How was I supposed to respond to that?
Luckily, I didn’t have to. Kiki knocked on the window and tapped her watch.
“We’re late. Come on, candidate Gunderson, your committee awaits you,” Geneva said, and the matter was closed.
For now. But she’d given me a lot to think about, none of it campaign related.
Anna and I were lounging on the sofa, drinking beer, watching the first season of Lost on the TV/DVD combo she’d haggled for at Pete’s Pawnshop, when my cell phone rang. “Hello?”
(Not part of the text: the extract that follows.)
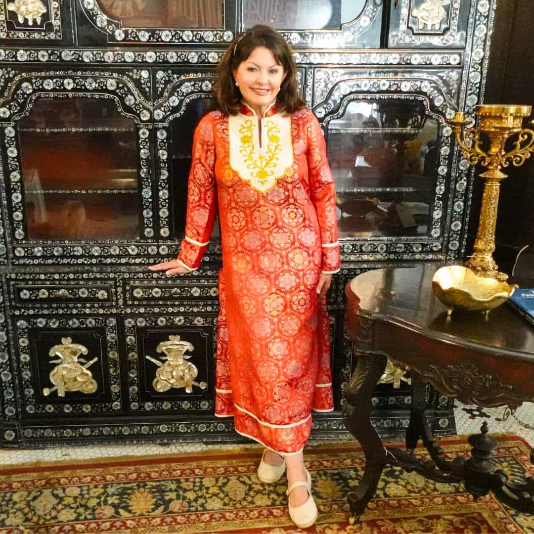 The Caren Dress in Red Brocade will only be available to ship in November. It is available to pre-order now and secure this timeless piece of elegance inspired by love and legacy!

“Mercy? It’s Winona. Look, I don’t have much time, but I wanted you to know that Cherelle just walked in.”
“She alone?”
“For now.”
“Good. I’ll be there in fifteen. Keep her there-give her free drinks, whatever.”
“I’ll try.” Winona hung up.
I vaulted to my feet and shimmied out of my loungewear, dressing in the ensemble I’d worn earlier. Except I added my favorite accessory in my back pocket: my Kahr Arms P380. I sat on the bed and tugged on my blue-camo Old Gringo boots.
Anna leaned in the door frame. “Where’s the fire?”
“Clementine’s. It’s not on fire, but someone I’ve been wanting to talk to just showed up, so I’ve got to go.”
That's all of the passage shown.